Create a PbfReader from a Buffer or Uint8Array:
const pbf = new PbfReader(fs.readFileSync('data.pbf'));
const pbf = new PbfReader(new Uint8Array(xhr.response));
Both classes expose the following properties:
pbf.length;
pbf.pos;
Reading
Read a sequence of fields:
pbf.readFields((tag) => {
if (tag === 1) pbf.readVarint();
else if (tag === 2) pbf.readString();
else ...
});
It optionally accepts an object that will be passed to the reading function for easier construction of decoded data,
and also passes the PbfReader object as a third argument:
const result = pbf.readFields(readField, {})
function readField(tag, result, pbf) {
if (tag === 1) result.id = pbf.readVarint();
}
To read an embedded message, use pbf.readMessage(fn[, obj]) (in the same way as read).
Read values:
const value = pbf.readVarint();
const str = pbf.readString();
const numbers = pbf.readPackedVarint();
For lazy or partial decoding, simply save the position instead of reading a value,
then later set it back to the saved value and read:
const fooPos = -1;
pbf.readFields((tag) => {
if (tag === 1) fooPos = pbf.pos;
});
...
pbf.pos = fooPos;
pbf.readMessage(readFoo);
Scalar reading methods:
readVarint(isSigned) (pass true if you expect negative varints)
readSVarint()
readFixed32()
readFixed64()
readSFixed32()
readSFixed64()
readBoolean()
readFloat()
readDouble()
readString()
readBytes()
skip(value)
Packed reading methods:
readPackedVarint(arr, isSigned) (appends read items to arr)
readPackedSVarint(arr)
readPackedFixed32(arr)
readPackedFixed64(arr)
readPackedSFixed32(arr)
readPackedSFixed64(arr)
readPackedBoolean(arr)
readPackedFloat(arr)
readPackedDouble(arr)
Writing
Create a PbfWriter (optionally with a pre-allocated Buffer or Uint8Array):
const pbf = new PbfWriter();
Write values:
pbf.writeVarint(123);
pbf.writeString("Hello world");
Write an embedded message:
pbf.writeMessage(1, writeObj, obj);
function writeObj(obj, pbf) {
pbf.writeStringField(obj.name);
pbf.writeVarintField(obj.version);
}
Field writing methods:
writeVarintField(tag, val)
writeSVarintField(tag, val)
writeFixed32Field(tag, val)
writeFixed64Field(tag, val)
writeSFixed32Field(tag, val)
writeSFixed64Field(tag, val)
writeBooleanField(tag, val)
writeFloatField(tag, val)
writeDoubleField(tag, val)
writeStringField(tag, val)
writeBytesField(tag, buffer)
Packed field writing methods:
writePackedVarint(tag, val)
writePackedSVarint(tag, val)
writePackedSFixed32(tag, val)
writePackedSFixed64(tag, val)
writePackedBoolean(tag, val)
writePackedFloat(tag, val)
writePackedDouble(tag, val)
Scalar writing methods:
writeVarint(val)
writeSVarint(val)
writeSFixed32(val)
writeSFixed64(val)
writeBoolean(val)
writeFloat(val)
writeDouble(val)
writeString(val)
writeBytes(buffer)
Message writing methods:
writeMessage(tag, fn[, obj])
writeRawMessage(fn[, obj])
Misc methods:
realloc(minBytes) - pad the underlying buffer size to accommodate the given number of bytes;
note that the size increases exponentially, so it won't necessarily equal the size of data written
finish() - make the current buffer ready for reading and return the data as a buffer slice
For an example of a real-world usage of the library, see vector-tile-js.
Proto Schema to JavaScript
If installed globally, pbf provides a binary that compiles proto files into JavaScript modules.

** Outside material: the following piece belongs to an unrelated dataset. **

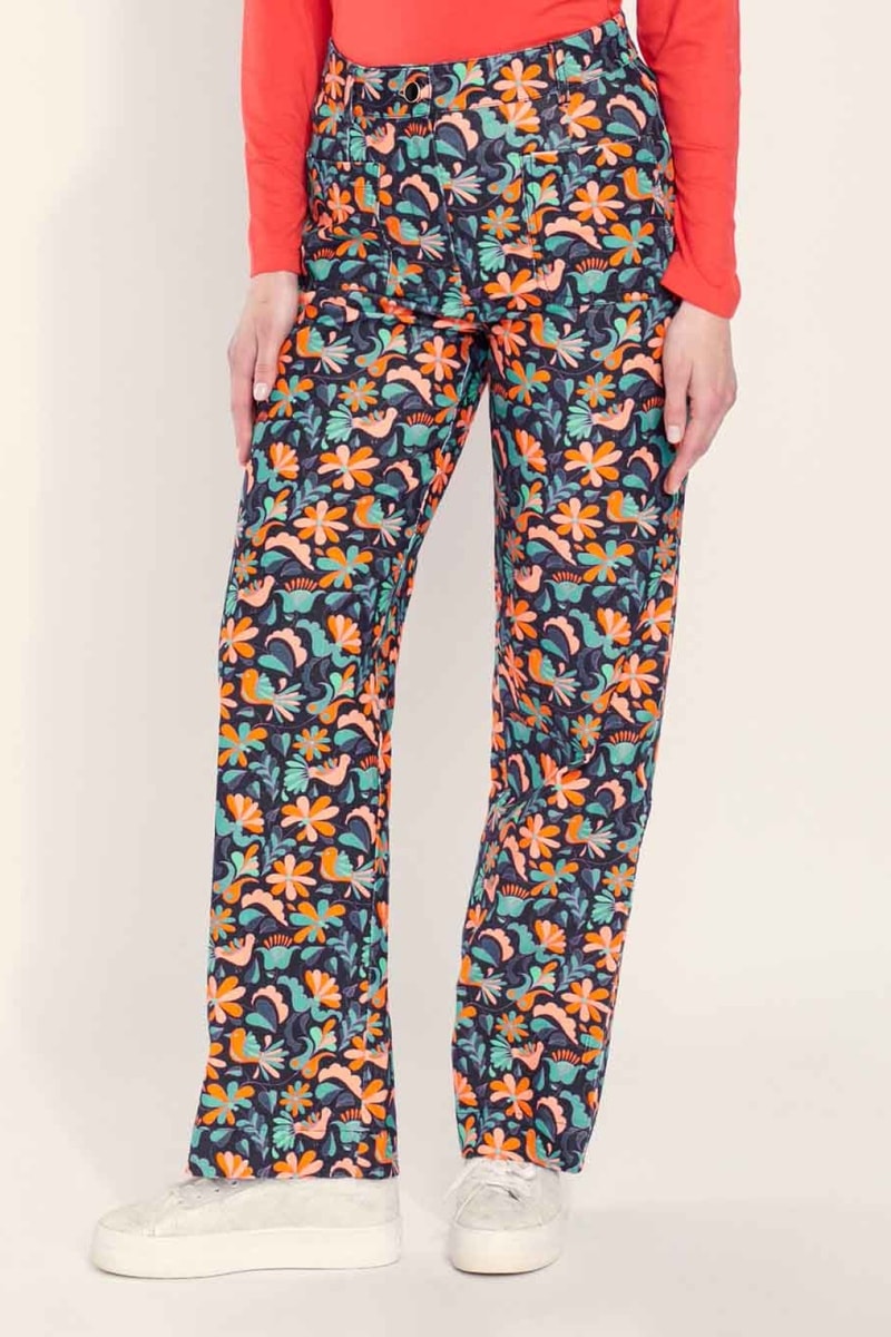 Pantalón de tiro alto de terciopelo Saya - Azul marino y coral

Usage:
$ pbf <proto_path> [--no-write] [--no-read] [--legacy]
The --no-write and --no-read switches remove corresponding code in the output.
The --legacy switch makes it generate a CommonJS module instead of ESM.
Pbf will generate read<Identifier> and write<Identifier> functions for every message in the schema. For nested messages, their names will be concatenated — e.g. Message inside Test will produce readTestMessage and writeTestMessage functions.
read(pbf) - decodes an object from the given PbfReader instance.
write(obj, pbf) - encodes an object into the given PbfWriter instance (usually empty).
The resulting code is clean and simple, so it's meant to be customized.